Thinking about business agility can shake up the common view on planning, predictability, business models and other concepts that are usually on the agenda.
Have you noticed how we expect the methods we apply to guarantee control over the future of our projects? Has the chip already dropped that? If we exaggerate in expectation, this could be an illusion. The reason is simple: only some variables influencing the results are controllable.
This is why we need controls so much: they are limited. The risk is much greater if we give up what we can monitor. So what we can do is manage the threats, even without having all the guarantees.
Realizing this spurs change, innovation, and it’s all about agility. The perfect mindset seems to mix enthusiasm — the one that keeps us from giving up — with that conscience — which avoids the stubbornness of insisting on what doesn’t work.

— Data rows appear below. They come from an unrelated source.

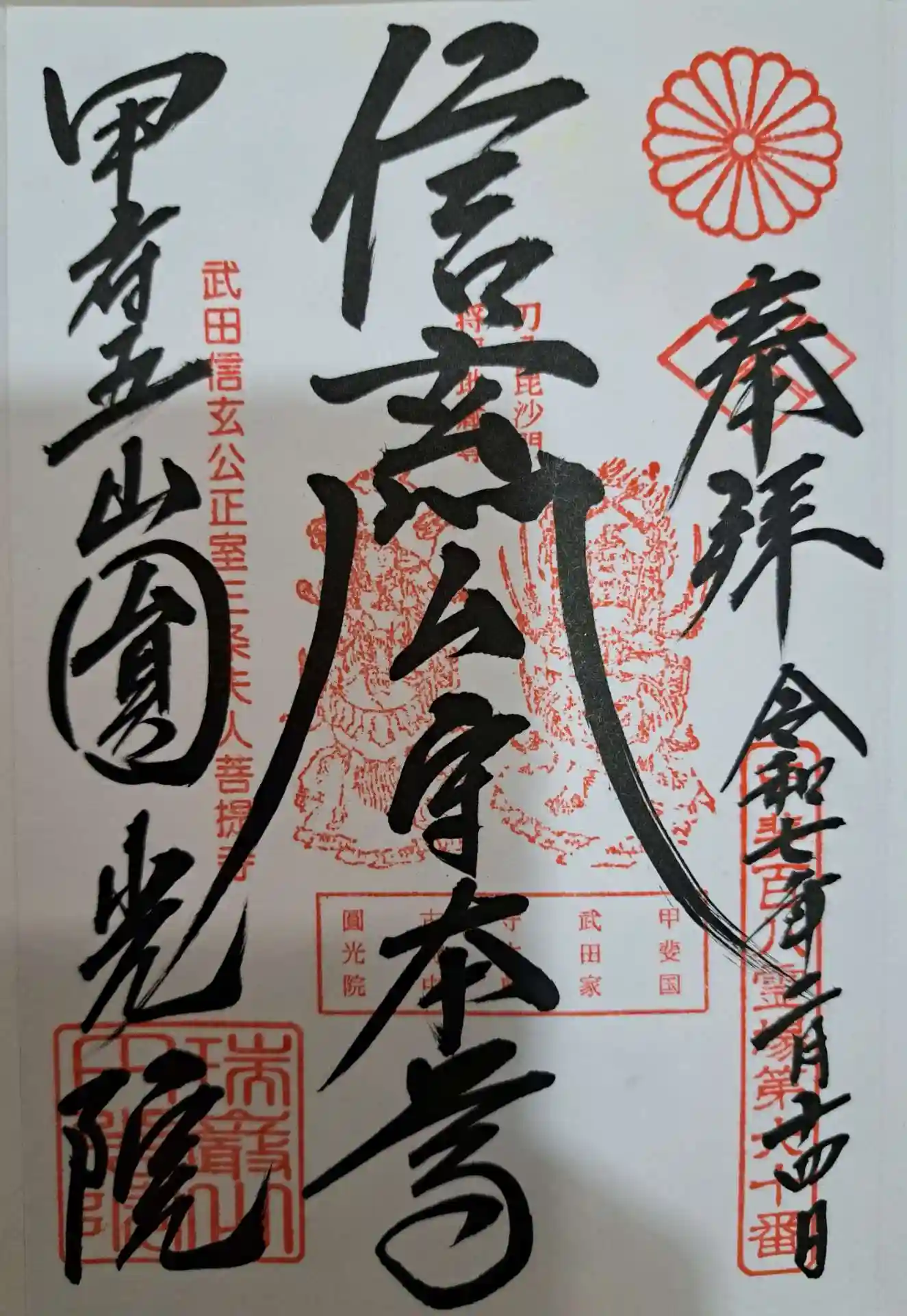 甲府五山のひとつ、円光院で御朱印を頂きました。このときはコロナ対策で書置きでした。
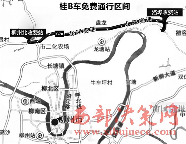 昨 日,記者從柳州市城市投資建設(shè)發(fā)展有限公司(下簡稱“城投”)了解到,城投和廣西交通投資集團(下簡“交投集團”)達成協(xié)議,對在柳州北環(huán)高速公路柳州北 收費站和洛埠收費站區(qū)間通行(即柳州北收費站入、洛埠收費站出,或洛埠收費站入、柳州北收費站出)的“桂B(yǎng)”車牌車輛(下簡稱“桂B(yǎng)車”),車輛通行費由 柳州市財政統(tǒng)繳,司機在收費現(xiàn)場不需付費。
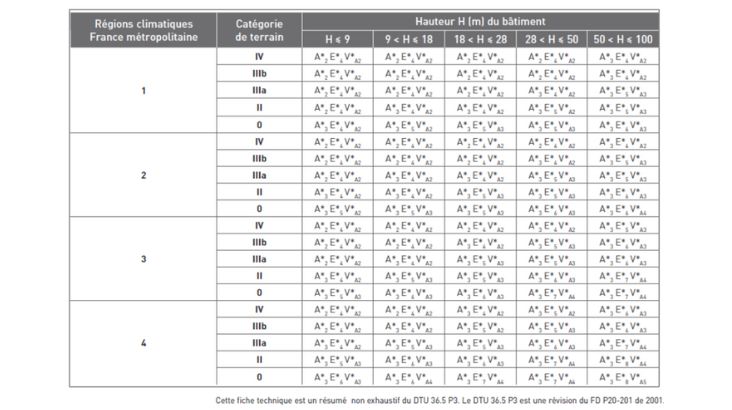 • consulter le tableau de classement AEV. Ce dernier indique le niveau de performance requis en termes d’étanchéité à l’air, à l’eau et à la résistance au vent.
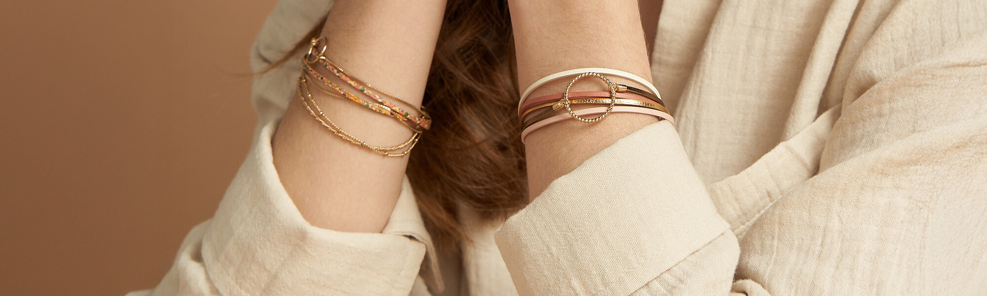 La marque est particulièrement reconnue pour ses bracelets en cuir, véritables pièces emblématiques de son univers, mais propose également des boucles d’oreilles et colliers dans le même esprit raffiné.
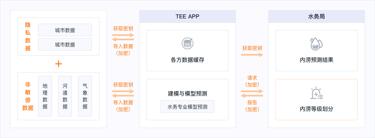 光之树科技为深圳市龙华区水务局提供内涝预测防灾应急解决方案,内涝预测模型需不同部门、公司数据安全融合才能提高预测准确性,管网数据和DEM高程数据皆为训练所必要的敏感数据,如不参加训练,模型精度将不能达到预期,光之树科技通过隐私计算将隐私和非敏感数据融合在一起进行加密,实现数据可用不可见,并输出具有高精度的内涝预测结果,实现内涝等级划分,采用多方数据安全融合,实现了内涝预测准确性的大幅提升,支撑精细化应急布控。

Let’s understand what business agility has to do with it.
What Is Business Agility?
Since we can only be sure about some things, how about learning to adapt? How about developing the ability to expedite change? Which is the same as saying: how about developing business agility?
We are talking about the ability of companies to adapt to changes in the scenario, the market, consumer behavior and the company itself, which needs to incorporate new technologies and methods all the time.
To better understand the concept, it is worth knowing an important detail that motivated the creation of business agility, which began in software development. Designing complex systems in a changing environment is difficult because requirements can change before completion.
Furthermore, the very idea of a system considers that the development of its parts does not necessarily imply the perfect functioning of the whole. An analyst needs to understand how a change in one role can influence all the others.
In the context of business agility, an innovative area may be constrained by other sectors. So, if they need more time to adapt, like excessive bureaucracy in support service, this will impact the relationship and after-sales service.
What Is Business Agility For?
Uncertainty and risk have always been part of entrepreneurship, but we now live in a much more volatile, uncertain, complex and ambiguous world.
Changes happen all the time. If the company cannot adapt quickly, it accumulates transformations that can compromise its positioning in the market and the future of the activity.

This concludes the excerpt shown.